Monumentos y lugares que ver en Fuentes Blancas
Aunque es un espacio natural, el parque también tiene varios puntos de interés:
La capilla de Nuestra Señora de los Álamos
Pequeño templo muy vinculado a la romería del Burgalés Ausente y a celebraciones religiosas populares.
La capilla no tiene un origen medieval ni antiguo, sino que es una construcción moderna, del siglo XX, ligada al proceso de transformación de Fuentes Blancas en gran zona de ocio y naturaleza de la ciudad.
Fuentes Blancas comenzó a acondicionarse a partir de finales del siglo XIX y sobre todo en el siglo XX como espacio de recreo, merendero y zona forestal recuperada para uso ciudadano. En ese contexto, el Ayuntamiento fue incorporando equipamientos: merenderos, zonas deportivas, camping y también pequeños elementos de carácter simbólico o religioso, entre ellos la capilla.
Según la documentación histórica del parque, la capilla con la imagen de la Virgen de los Álamos se encuentra en el corazón del parque y forma parte de las actuaciones de acondicionamiento realizadas especialmente desde mediados del siglo XX, cuando Fuentes Blancas se consolida como espacio de ocio urbano.

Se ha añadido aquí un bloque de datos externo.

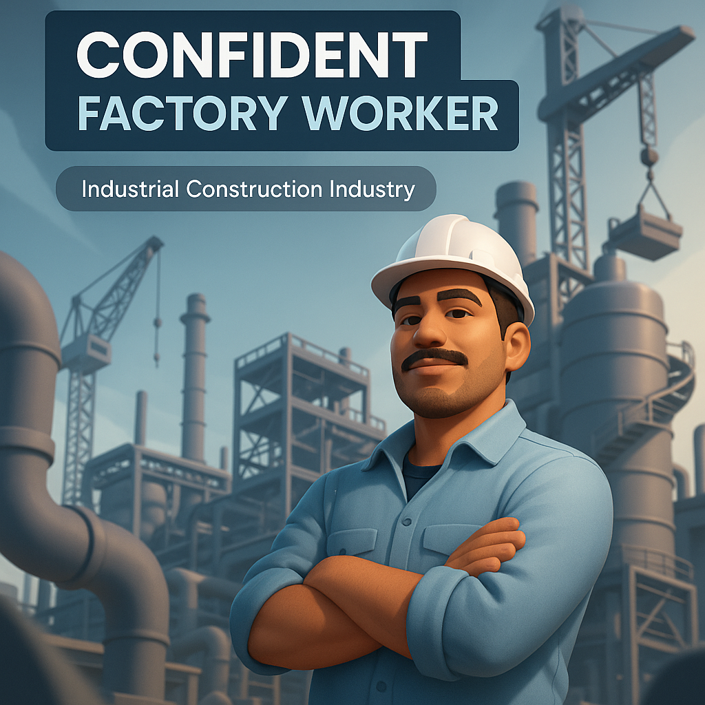 /Collection: /by davooda/Type: PNG/This is a digital illustration of a confident factory worker set against an industrial backdrop. It features a stylized character and is suitable for promotional or informational use in the construction sector.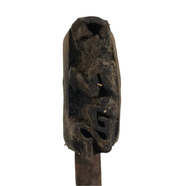 This is a vintage cast iron branding stamp called yaki-in. This piece is meant to be placed over fire or coals and is used to mark wood, leather, fabrics, and, most famously, Japanese sweets such as manju. It features kanji (本力良 moto chikara ryou more powerful).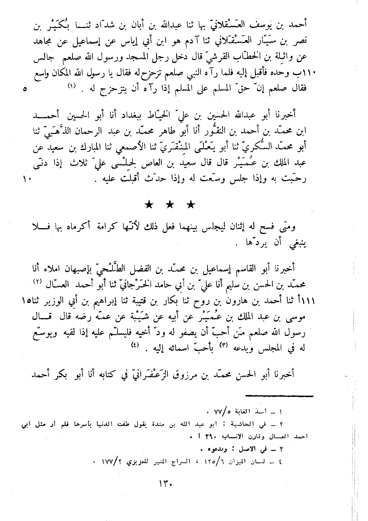 أَحْمَدَ بْنِ يُوسُفَ الْعَسْقَلانِيُّ بِهَا ثَنَا عَبْدُ اللَّهِ بْنُ أَبَانِ بْنِ شَدَّادٍ ثَنَا بُكَيْرُ بْنُ نَصْرِ بْنِ سَيَّارٍ الْعَسْقَلانِيُّ ثَنَا آدم هُوَ بن أَبِي إِيَاسٍ عَنْ إِسْمَاعِيلَ عَنْ مُجَاهِدٍ عَنْ وَاثِلَةَ بْنِ الْخَطَّابِ الْقُرَشِيُّ قَالَ دَخَلَ رَجُلٌ الْمَسْجِدَ وَرَسُولُ اللَّهِ صَلَّى اللَّهُ عَلَيْهِ وَسَلَّمَ جَالِسٌ وَحْدَهُ فَأَقْبَلَ إِلَيْهِ فَلَمَّا رَآهُ النَّبِيُّ صَلَّى اللَّهُ عَلَيْهِ وَسَلَّمَ تَزَحْزَحَ لَهُ فَقَالَ يَا رَسُولَ اللَّهِ الْمَكَانُ وَاسِعٌ فَقَالَ صَلَّى اللَّهُ عَلَيْهِ وَسَلَّمَ إِنَّ حَقَّ الْمُسْلِمِ عَلَى الْمُسْلِمِ إِذَا رَآهُ أَنْ يَتَزَحْزَحَ لَهُ أَخْبَرَنَا أَبُو عَبْدِ اللَّهِ الْحُسَيْنُ بْنُ عَلِيٍّ الْخَيَّاطُ بِبَغْدَادَ أَنا أَبُو الْحُسَيْنِ أَحْمَدُ بْنُ مُحَمَّدِ بن النقور أناأبو طَاهِرٍ مُحَمَّدُ بْنُ عَبْدِ الرَّحْمَنِ الذَّهَبِيُّ ثَنَا أَبُو مُحَمَّدٍ السِّكَّرِيُّ ثَنَا أَبُو يَعْلَى الْمِنْقَرِيُّ ثَنَا الأَصْمَعِيُّ ثَنَا الْمُبَارَكُ بْنُ سَعِيدٍ عَنْ عَبْدِ الْمَلِكِ بْنِ عُمَيْرٍ قَالَ قَالَ سَعِيدُ بْنُ الْعَاصِ لجلسي عَلَيَّ ثَلاثٌ إِذَا دَنَى رَحَّبْتُ بِهِ وَإِذَا جَلَسَ وَسَّعْتُ لَهُ وَإِذَا حَدَّثَ أَقْبَلْتُ عَلَيْهِ وَمَتَى فَسَّحَ لَهُ اثْنَانِ لِيَجْلِسَ بَيْنَهُمَا فَعَلَ ذَلِكَ لأَنَّهَا كَرَامَةٌ أَكْرَمَاهُ بِهَا فَلا يَنْبَغِي أَنْ يَرُدَّهَا أَخْبَرَنَا أَبُو الْقَاسِمِ إِسْمَاعِيلُ بْنُ مُحَمَّدِ بْنِ الْفَضْلِ الطَّلْحِيُّ بِأَصْبَهَانَ إِمْلاءً أَنا مُحَمَّدُ بْنُ الْحَسَنِ بْنِ سُلَيْمٍ أَنا عَلِيُّ بْنُ أَبِي حَامِدٍ الْخَرْجَانِيُّ ثَنَا أَبُو أَحْمَدَ الْعَسَّالُ ثَنَا أَحْمَدُ بْنُ هَارُونَ بْنِ رَوْحٍ ثَنَا بَكَّارُ بن قُتَيْبَة ثناإبراهيم بْنُ أَبِي الْوَزِيرِ ثَنَا مُوسَى بْنُ عَبْدِ الْمَلِكِ بْنِ عُمَيْرٍ عَنْ أَبِيهِ عَنْ شَيْبَةَ عَنْ عَمه رضه قَالَ قَالَ رَسُولُ اللَّهِ صَلَّى اللَّهُ عَلَيْهِ وَسَلَّمَ مَنْ أَحَبَّ أَنْ يَصْفُوَ لَهُ وُدُّ أَخِيهِ فَلْيُسَلِّمْ عَلَيْهِ إِذَا لَقِيَهُ وَيُوَسِّعُ لَهُ فِي الْمَجْلِسِ وَيَدْعُهُ بِأَحَبِّ أَسْمَائِهِ إِلَيْهِ أَخْبَرَنَا أَبُو الْحَسَنِ مُحَمَّدُ بْنُ مَرْزُوقٍ الزَّعْفَرَانِيُّ فِي كِتَابِهِ أَنا أَبُو بَكْرٍ أَحْمَدُ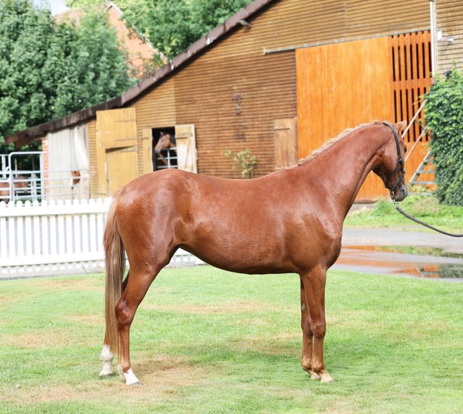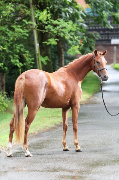 Dance Star AT - Golden Dancer - Aratoss - Brillant Jamaica, her mother is the sister of the Bundeschampion of dressage ponies, "Melli’s Glückskeks." She is the first foal of her dam and is endowed with excellent movement and a lot of courage. Therefore, she has the potential not only for a successful career in dressage but possibly also in eventing or driving. She is familiar with traffic and tractors, crosses bridges, and has experience with ground work and riding over platforms. A wonderful family pony with great potential. Her entire family is at home with us, including our 29-year-old great-grandmother. Unfortunately, we lack the suitable rider for further training. €3,950 fixed price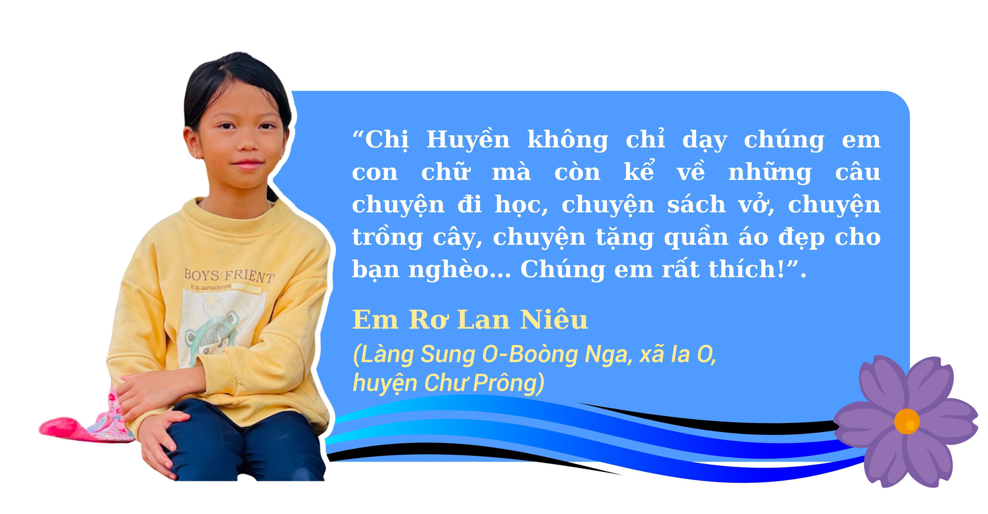 “Có được thành quả này, ngoài sự nỗ lực của bản thân, em còn nhận được rất nhiều sự quan tâm, giúp đỡ của các thầy-cô giáo, sự động viên của gia đình và bạn bè đã tiếp thêm động lực và niềm tin để em vượt qua những khó khăn của cuộc sống. Em sẽ tiếp tục cố gắng để hoàn thành thật tốt việc học và được quay trở về ngôi làng của mình dạy con chữ cho lũ trẻ. Em mong mình có thể góp sức để không còn đứa trẻ Jrai khó khăn nào không được tới trường”-Huyền bày tỏ nguyện vọng.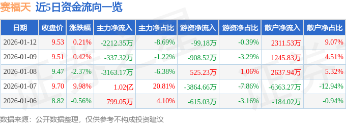证券之星消息,截至2026年1月12日收盘,赛福天(603028)报收于9.53元,上涨0.21%,换手率9.41%,成交量26.75万手,成交额2.55亿元。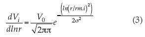 donde rm,i es el modo de radio (medio) relacionado con el modo de acumulación o modo grueso (Remer y Kaufman, 1998); V0 es el volumen de la columna de las partículas por unidad de sección transversal de la columna atmosférica, y σ es la desviación estándar del logaritmo natural del radio. Las unidades de dV/d ln r son [µm3/µm2].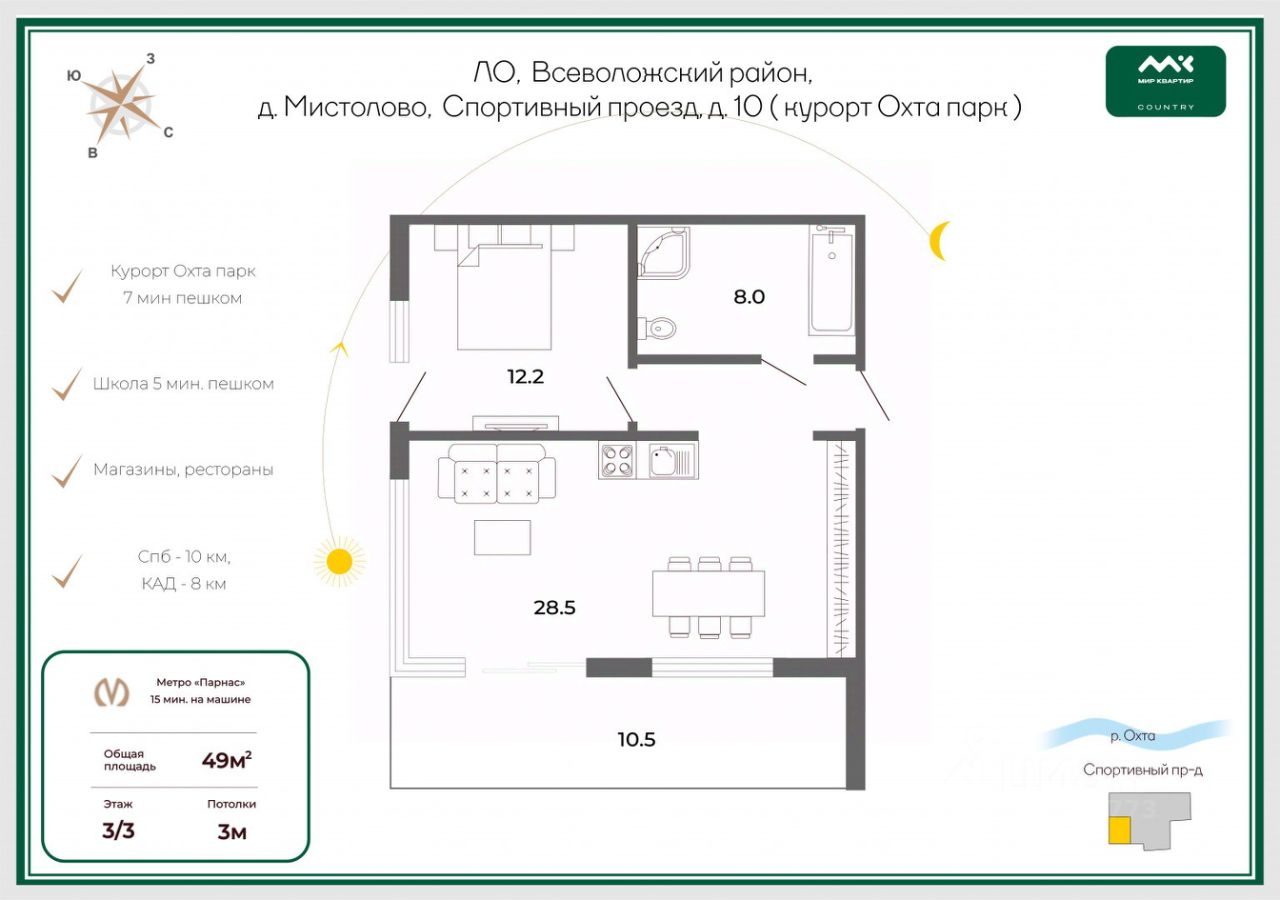 Арт. 115995280 Не пропустите! В продаже редкое предложение - апартамент 49 кв. м с самой востребованной планировкой, расположенный на последнем 3 этаже, в малоэтажном комплексе - "Спортивная деревня". Поселок входит в состав уникального проекта курорта "ОХТА ПАРК" - "Образ жизни". Статусные соседи, однородное окружение! В продаже осталось минимальное количество объектов!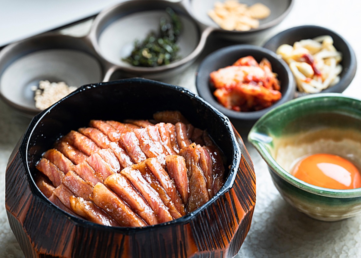 まずそのままで肉の旨みを堪能し、次は薬味をのせてカスタマイズ。さらにダシをかけてお茶漬け風でも楽しめる。複数用意された薬味を自由に組み合わせ、新たな味わいを探すのもおすすめ。自家製キムチが付くため、クッパ風のアレンジも◎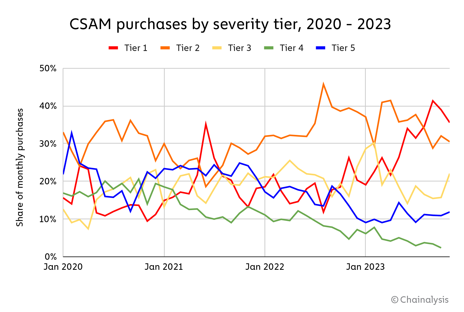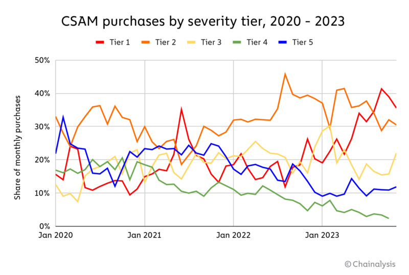 As we can see on the chart below, purchases in Tiers 4 and 5 have decreased as a share of overall CSAM transactions over time since 2021, while the share for Tiers 1 and 2 has increased.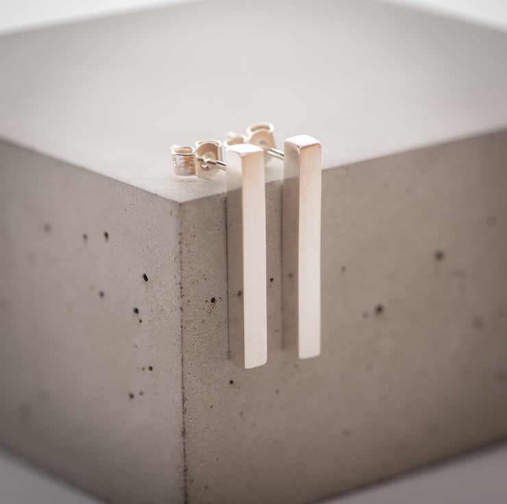 These earrings are handmade to order from eco-silver. This is sterling silver that has been 100% recycled from old jewellery, giftware and electronics. The stud and scroll are also sterling silver.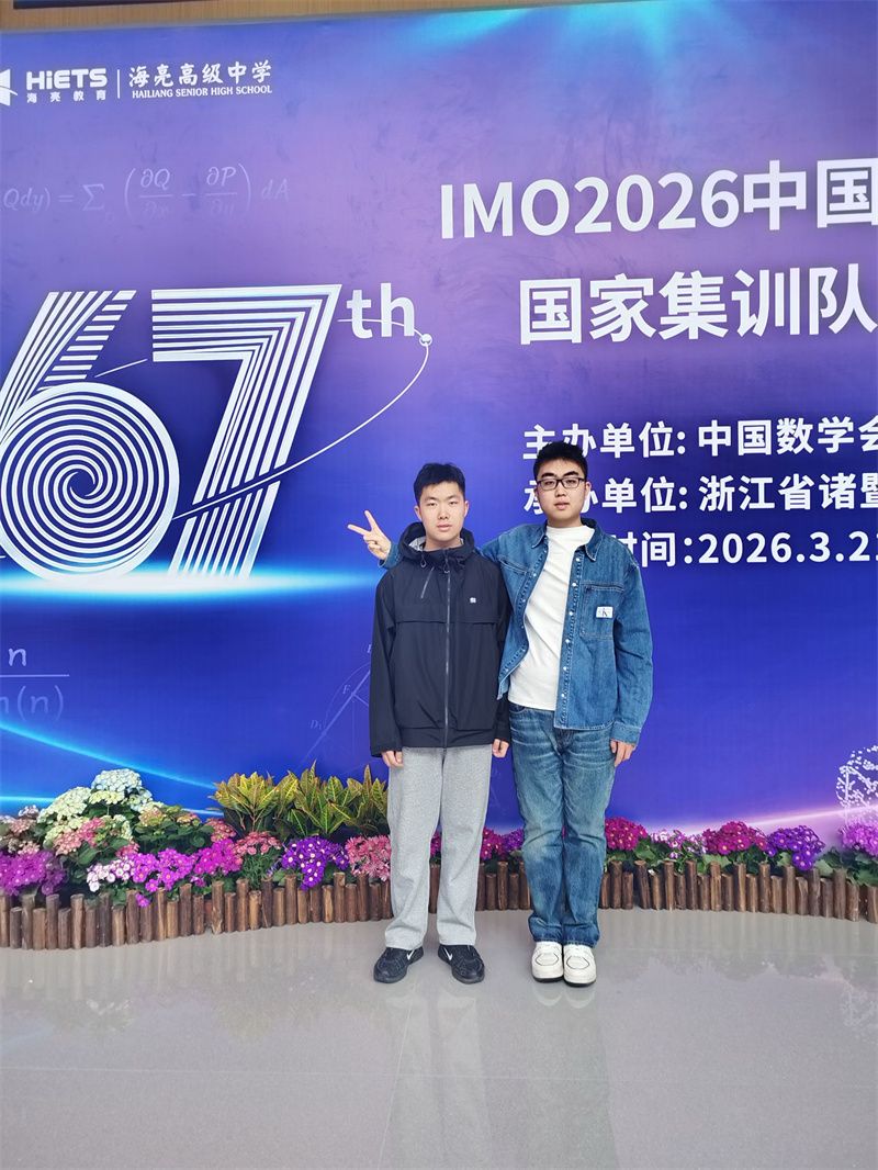 经过为期9天的集训和选拔,第67届国际数学奥林匹克(IMO)国家队6人名单在闭幕式上公布。我校邓乐言同学、张柏伦同学勇于拼搏,不断克服困难,顺利入选第67届IMO中国队。同时这是邓乐言同学在上一届IMO斩获满分金牌后,再度进入国家队。时隔三十六年,IMO重返中国。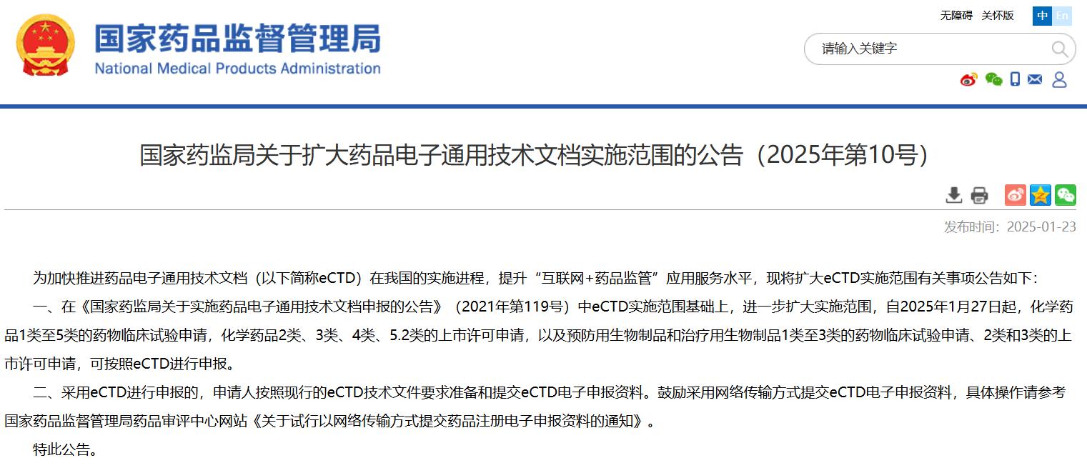 國家藥監(jiān)局關(guān)于擴(kuò)大藥品電子通用技術(shù)文檔實施范圍的公告(2025年第10號)

El humedal y la biodiversidad
Fuentes Blancas alberga zonas de gran valor ecológico con aves y vegetación autóctona.
El humedal de Fuentes Blancas es un espacio natural de Burgos creado a partir de la recuperación de un antiguo meandro del río Arlanzón a comienzos de los años 2000.
Se ha convertido en un ecosistema de ribera con gran valor ecológico dentro del parque urbano.
Destaca por su vegetación de carrizos, sauces y chopos, y por la presencia de aves acuáticas como garzas, patos y fochas.
Hoy es un refugio de biodiversidad y un lugar de paseo y observación de naturaleza en plena ciudad.
La Cartuja de Miraflores
Uno de los elementos más importantes del paisaje de Fuentes Blancas es la Cartuja de Miraflores, situada en una colina rodeada de bosques dentro del propio entorno del parque.
Este monasterio fue inicialmente un palacio de recreo del rey Enrique III en el siglo XV, en la antigua zona de Miraflores. Posteriormente, su hijo Juan II lo cedió a la orden de los cartujos, convirtiéndose en uno de los grandes centros espirituales y artísticos del gótico europeo.
La intervención de figuras como Isabel la Católica, Gil de Siloé o Simón de Colonia convirtió la Cartuja de MIraflores en un conjunto funerario excepcional, donde reposan los restos de los reyes Juan II e Isabel de Portugal.
Hoy, la Cartuja de Miraflores no solo es un monumento imprescindible, sino también una puerta de entrada histórica al paisaje de Fuentes Blancas.
Un cierre emocional para las fiestas
El Día del Burgalés Ausente no es solo el final de los Sampedros. Es una celebración de la memoria, la identidad y el vínculo con la tierra.
En Fuentes Blancas, entre música, comida y reencuentros, Burgos despide sus fiestas mirando también hacia fuera, hacia todos aquellos que forman parte de la ciudad aunque vivan lejos.
Es, en definitiva, un día en el que Burgos demuestra que su mayor riqueza no está solo en sus monumentos o su historia, sino en su gente.